> _Task brief_:
Every line below from the one with "河北晟景加站赛5名(四关鸽王31名) | ¥500元 | 1次 |" through the one with "蓮實 孔子さんの総格は36画の3点!" should be retyped exactly, both ends included; no other lines and no pictures.

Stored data

_ _ _

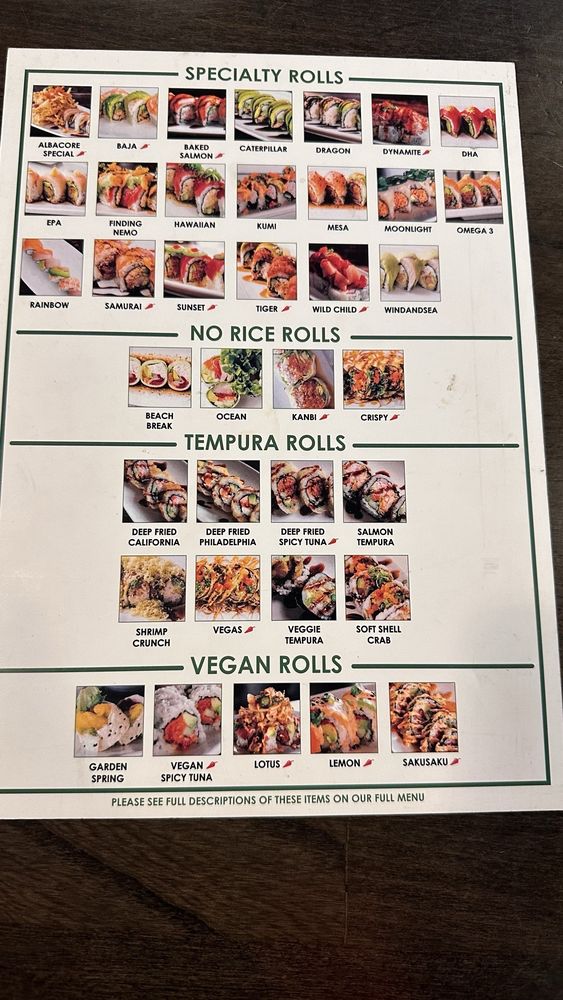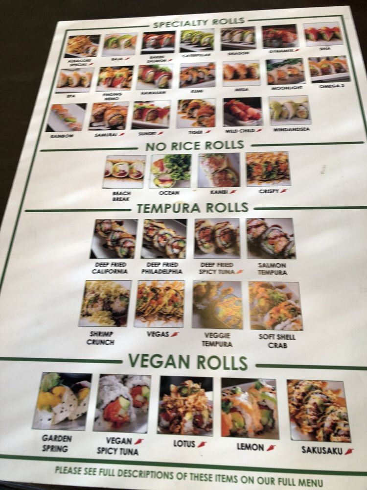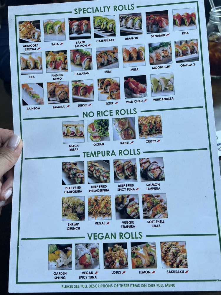 In: spicy tuna, shrimp tempura, cucumber top: albacore, tempura onions, ponzu, spicy mayo, eel sauce, green onion.
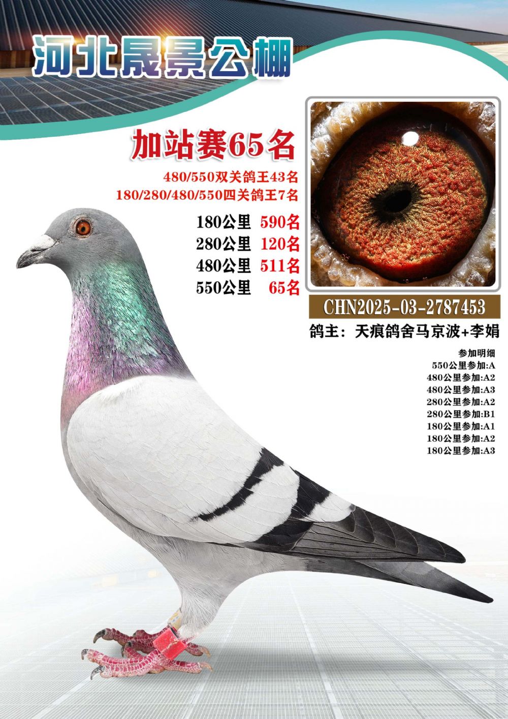 | 1618379 | 河北晟景加站赛5名(四关鸽王31名) | ¥500元 | 1次 |
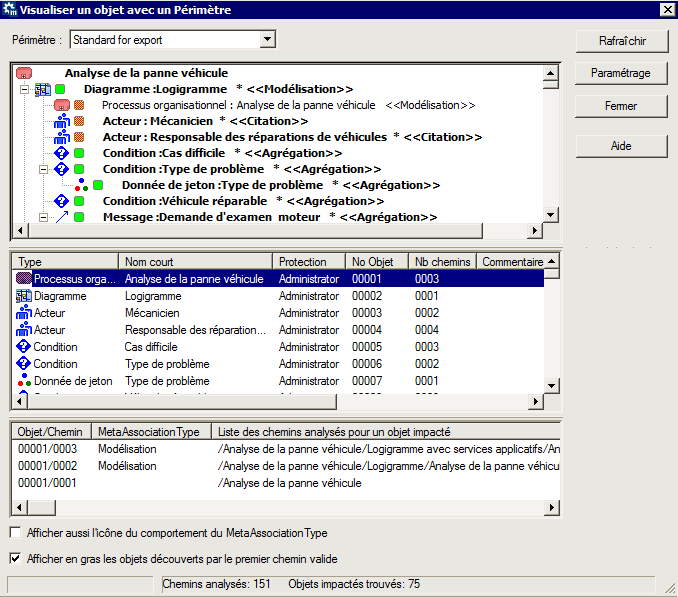 La fenêtre Visualiser un objet avec un Périmètre présente de deux façons l'ensemble des objets exportés (résultat de la propagation appliquée à l'objet racine) :
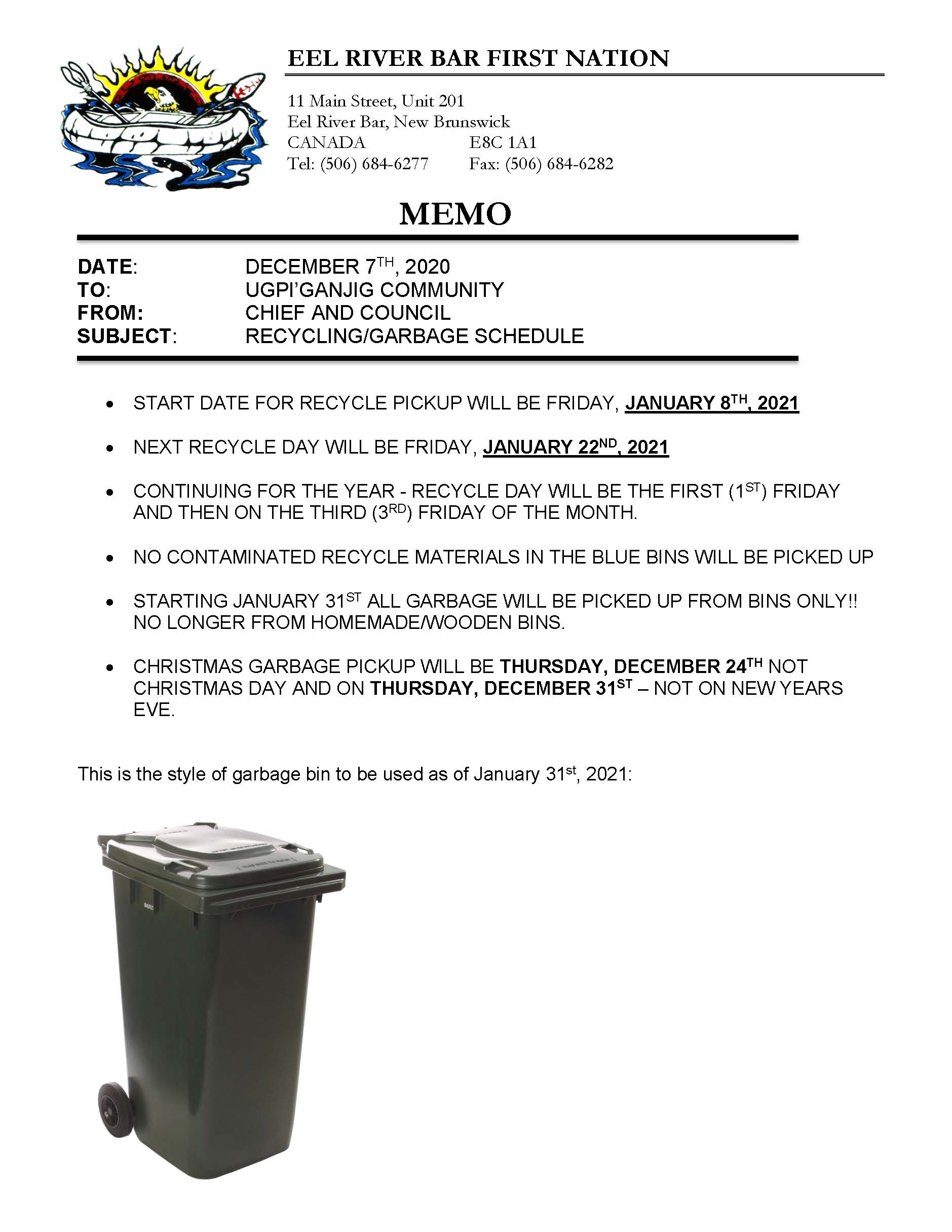 SUBJECT: RECYCLING/GARBAGE SCHEDULE
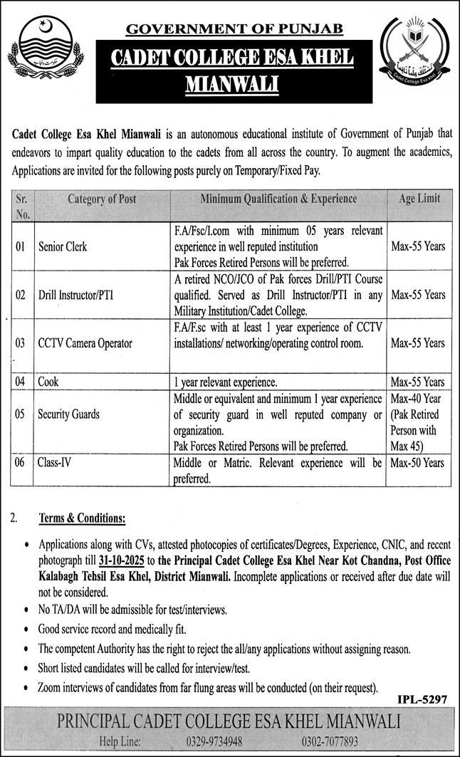 Apply for Cadet College Esa Khel (CCEK) Mianwali jobs 2025. Vacancies for Senior Clerk, Drill…
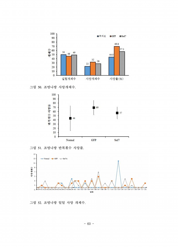 60 그림 50. 조명나방 사망개체수. 그림 51. 조명나방 반복횟수 사망률. 그림 52. 조명나방 일일 사망개체수.
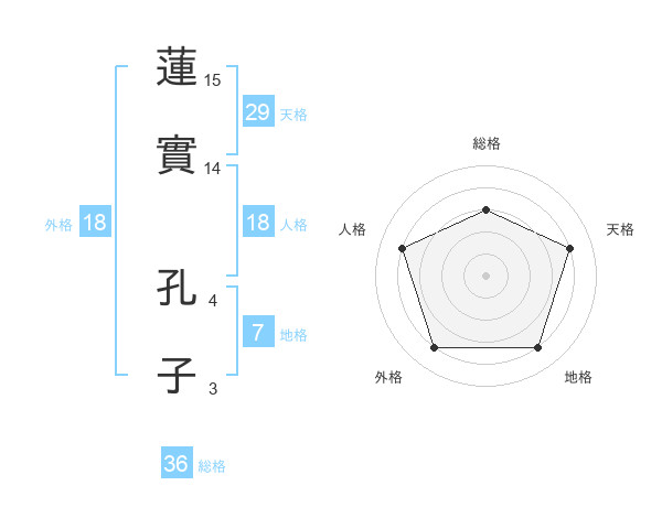 蓮實 孔子さんの総格は36画の3点!
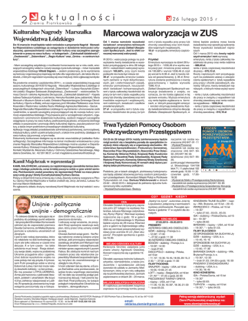 2 aktualności 26 lutego 2015 r Ziemia Piotrkowska Kulturalne Nagrody Marszałka Województwa Łódzkiego Do 16 marca br. trwał będzie nabór wniosków o przyznanie Nagród Marszałka Województwa Łódzkiego za osiągnięcia w dziedzinie twórczości artystycznej, upowszechniania i ochrony dóbr kultury oraz szczególne zaangażowanie w pracę na rzecz kultury - w kategoriach: „Całokształt działalności”, „Osobowość”, „Dziennikarz”, „Regio Kultura”oraz „Gmina – w centrum kultury”. - Mam szczególną satysfakcję z możliwości honorowania raz w roku osób, wnoszących szczególny wkład w rozwój naszego życia kulturalnego – mówi marszałek województwa łódzkiego Witold Stępień. – Jestem przekonany, że te wyróżnienia są twórczą i organizacyjną inspiracją nie tylko dla nagrodzonych, ale także dla środowisk, z których nagrodzeni wywodzą się oraz instytucji, które zgłaszają kandydatów. Na przełomie września i października 2014 r., w czasie wojewódzkiej inauguracji sezonu kulturalnego 2014/2015 Nagrody Marszałka Województwa Łódzkiego w poszczególnych kategoriach otrzymali: „Dziennikarz” – Łukasz Kaczyński (Dziennik Łódzki) i Bogdan Sobieszek (Kalejdoskop), „Osobowość” – wiolonczelista Tomasz Daroch i aktorka Agnieszka Skrzypczak, „Całokształt działalności” - Kapela ludowa Tadeusza Kubiaka z Leśmierza, Henryka Kociołek (pow. pabianicki), Maria Morzuch z Muzeum Sztuki w Łodzi, Orkiestra Reprezentacyjna Gminnego Ośrodka Kultury i Sportu w Białej, wirtuoz organowy prof. Mirosław Pietkiewicz oraz Anna Kosendek z Radomska i solistka Teatru Wielkiego Agnieszka Makówka – Saciuk. Nagroda Marszałka Województwa Łódzkiego to wyróżnienie i uhonorowanie osób i podmiotów, w sposób szczególny przyczyniających się do rozwoju kultury i promocji województwa łódzkiego. Przyznawana jest w szczególności artystom, organizatorom i promotorom działalności kulturalnej, osobom mającym szczególne osiągnięcia w pracy na rzecz kultury, podnoszenia jej jakości, wnoszenia istotnego wkładu w poszerzanie i promocję oferty kulturalnej regionu, popularyzatorom kultury, a także innym podmiotom prowadzącym działalność kulturalną. Aplikacje mogą składać przedstawiciele administracji państwowej, samorządowej, instytucji kultury, szkół i uczelni artystycznych, a także inne podmioty, działające na rzecz kultury i jej promocji, w tym media. Dokumenty konkursowe dostępne są na stronie: www.lodzkie.pl (zakładka: Kultura/Nagrody). Szczegółowe informacje na temat możliwości wnioskowania o przyznanie Nagrody Marszałka Województwa Łódzkiego można uzyskać w Departamencie Kultury i Edukacji Urzędu Marszałkowskiego Województwa Łódzkiego. Kontakt: Wydział ds. Mecenatu Kultury i Ochrony Dziedzictwa Narodowego, Magdalena Sowińska, tel.: 42/ 291 98 27, e-mail: [email protected]. Kamil Majchrzak w reprezentacji KAMIL MAJCHRZAK, uznawany za najzdolniejszego zawodnika tenisa ziemnego młodego pokolenia, coraz śmielej poczyna sobie w grze wśród seniorów. Piotrkowianin został powołany do reprezentacji Polski na mecz pierwszej rundy grupy I Strefy Euroafrykańskiej Pucharu Davisa. Polacy w dniach 6-8 marca zmierzą się z Litwą.Zawody zostaną rozegrane w Płocku. Oprócz Kamila Majchrzaka w kadrze znaleźli się: Jerzy Janowicz, Łukasz Kubot oraz Marcin Matkowski. Po ogłoszeniu składu drużyny narodowej Kamil Majchrzak nie krył radości i wzruszenia. STANISŁAW STĘPIEŃ Od 1 marca wzrośnie wysokość świadczeń emerytalno-rentowych wypłacanych przez Zakład Ubezpieczeń Społecznych. Jest to efekt corocznej marcowej waloryzacji. rent z tytułu wypadku przy pracy lub choroby zawodowej oraz rent inwalidów wojennych i wojskowych), 18 zł - w przypadku emerytury częściowej. W 2015 r. waloryzacja polega na podwyższeniu kwoty świadczenia w wysokości przysługującej w dniu 28 lutego 2015 r. wskaźnikiem waloryzacji wynoszącym 100,68%, przy czym kwota podwyżki nie może być niższa niż: 36 zł - w przypadku emerytur (ustalanych zarówno w myśl dotychczasowych, jak i zreformowanych zasad), emerytur pomostowych, nauczycielskich świadczeń kompensacyjnych, rent z tytułu całkowitej niezdolności do pracy (w tym rent z tytułu wypadku przy pracy lub choroby zawodowej oraz rent inwalidów wojennych i wojskowych), rent rodzinnych, świadczeń i zasiłków przedemerytalnych; 27 zł - w przypadku rent z tytułu częściowej niezdolności do pracy (w tym Przykład Emerytura wynosząca na dzień 28 lutego 2015 r. - 1230,46 zł w wyniku waloryzacji jest mnożona przez wskaźnik 100,68% i wynosi 1238,46 zł, czyli jej wzrost to 8,36 zł. Jest to kwota niższa od gwarantowanej, tj. 36 zł. Emerytura zostanie podniesiona o kwotę gwarantowaną i będzie wynosiła 1266,10 zł. Zakład Ubezpieczeń Społecznych waloryzuje świadczenia z urzędu, co oznacza, że nie trzeba zgłaszać w tej sprawie wniosku. Wyższa emerytura czy renta będzie wypłacana w terminach, w których poszczególni emeryci i renciści otrzymują świadczenia. Każdy świadczeniobiorca otrzyma decyzję Zakładu Ubezpieczeń Społecznych, w dzie 2009 roku, a już... w 2014 roku powrócono do tematu. I odnoszę wciąż wrażenie, że prezydent Rosji spokojnie raealizuje swój plan, który przez Unię uznany został za swój. Chociaż Zachód wciąż grzmi. - Na Rosję nałożone zostaną kolejne unijne sankcje, jeśli prorosyjscy separatyści zaatakują ukraiński port Mariupol nad Morzem Azowskim - ostrzegł francuski minister spraw zagranicznych Laurent Fabius. Bo zdobycie kontroli nad tym miastem przez siły rebelianckie zapewniłoby Moskwie bezpośredni lądowy korytarz do zaanektowanego w ubiegłym roku Krymu. I moim zdaniem tak się stanie, a Europa Zachodnia uzna poniewczasie, że wobec braku wspólnego stanowiska UE nie dało się wcześniej podjąć jednoznacznej decyzji. I taki pewnie będzie finał. Fina
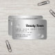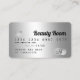 Um elegante e moderno, na moda belty Hair e um cartão de visita do estilo de cartão de crédito do artista maquiador com uma tipografia de fontes moderna num fundo de trendy de filme metálico de cinza prateado. todo o texto é personalizável, adicione suas mídias sociais. Apresentando falso stripe de prata. Adicione seu logotipo, seu monograma e código QR.
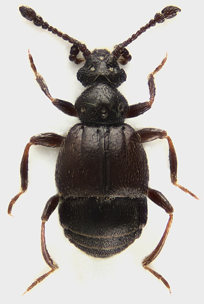 Ciao Loris. Per ora mi sto limitando a preparare qualche esemplare al giorno così come escono dal barattolo, per cui non so esattamente cosa ho preso e in che numero, ma presto dovrò decidermi a tirare fuori tutto e dividere il contenuto in varie provette, secondo il gruppo sistematico, per capirci qualcosa. Soprattutto per gli "Stafilinidi veri", che sono in numero spropositato. In mezzo ci sono comunque anche diversi Pselaphinae, ancora non so di quante specie (ad occhio, senza metterli al binoculare o fotografarli, distinguo solo che hanno diverse dimensioni e diverso colore). Questa sarà una settimana in cui avrò pochissimo tempo per l'entomologia, ma appena possibile lo faccio, così ti saprò dire se ci sono anche dei maschi. A proposito, questo esemplare è veramente così scuro, praticamente nero, e dovrebbero essercene altri.
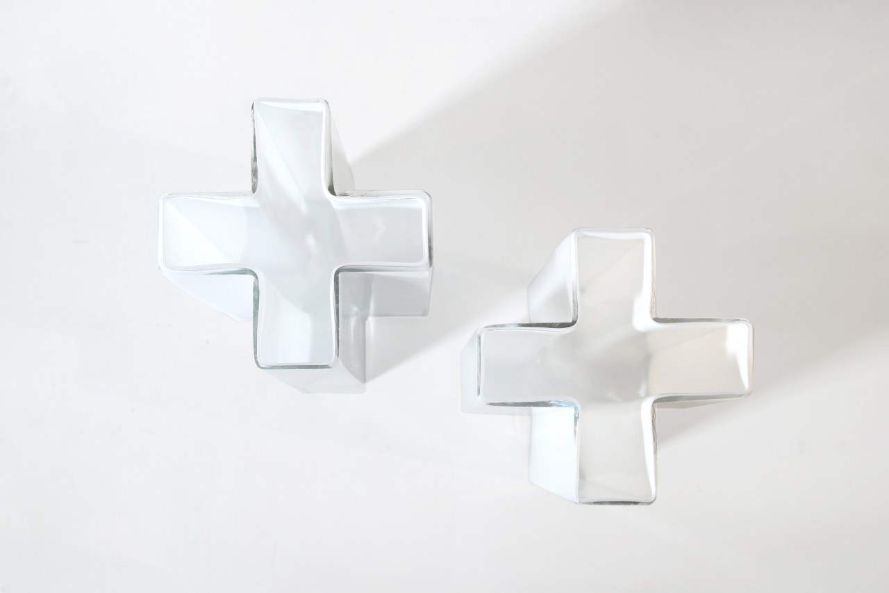 Omschrijving: Erg mooie witte vaas van Bodil Kjaer voor Gullaskruf, Sweden. De vaas is in de vorm van een plus of een kruis en is gemaakt van wit glas. Bodil Kjaer ontwierp deze vaas in 1961 en is vooral mooi in een collectie. Bij voorkeur verkopen we de vazen dan ook als paar. Deze vazen zijn het grote model van 22,5 cm hoog met een lengte en een breedte van 15 cm.
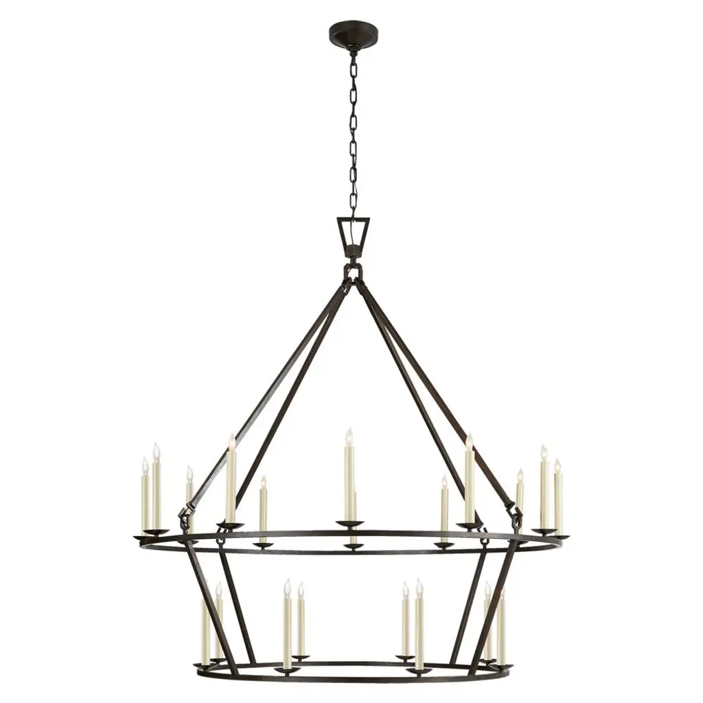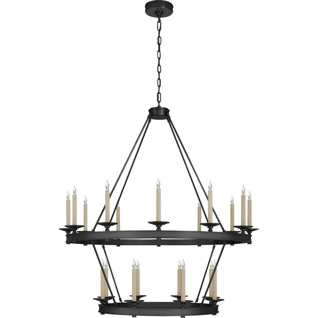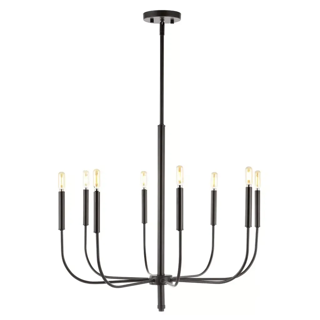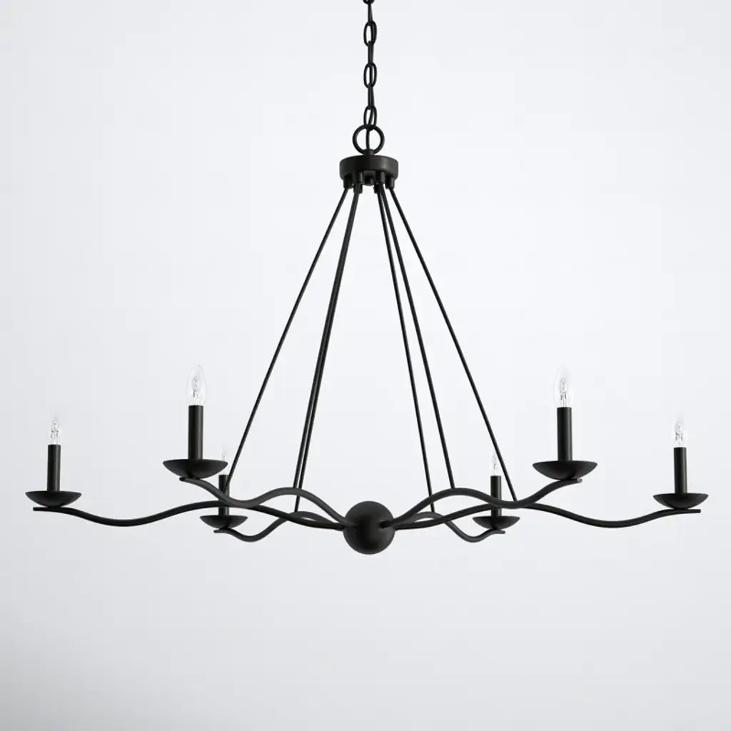 Inspired by candelabra chandeliers once common in the great rooms and dining halls of America's historic lodges, the Remington Lighting Collection makes a grand statement in the modern home. This chandelier's forged ring is held in place by distinctive rods and links, and the candle-style lights provide a warm, inviting glow.
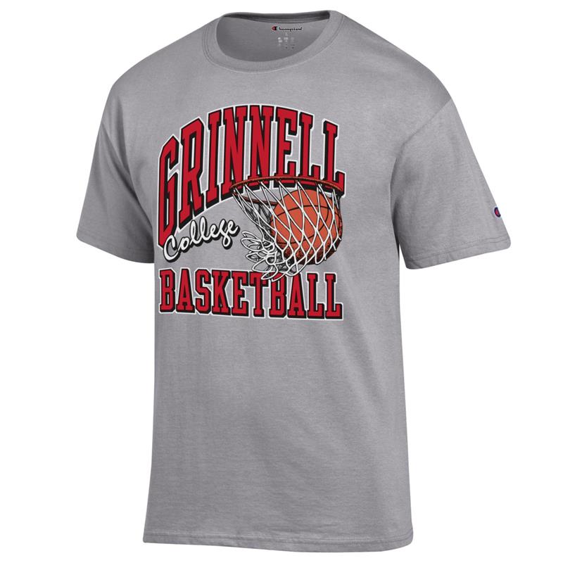 Heather gray jersey T-shirt. 90% cotton/10% polyester. Action basketball through the hoop. Imported by Chamipon

_ _ _

> _Answer area_:
 | 1618379 | 河北晟景加站赛5名(四关鸽王31名) | ¥500元 | 1次 |
 La fenêtre Visualiser un objet avec un Périmètre présente de deux façons l'ensemble des objets exportés (résultat de la propagation appliquée à l'objet racine) :
 SUBJECT: RECYCLING/GARBAGE SCHEDULE
 Apply for Cadet College Esa Khel (CCEK) Mianwali jobs 2025. Vacancies for Senior Clerk, Drill…
 60 그림 50. 조명나방 사망개체수. 그림 51. 조명나방 반복횟수 사망률. 그림 52. 조명나방 일일 사망개체수.
 蓮實 孔子さんの総格は36画の3点!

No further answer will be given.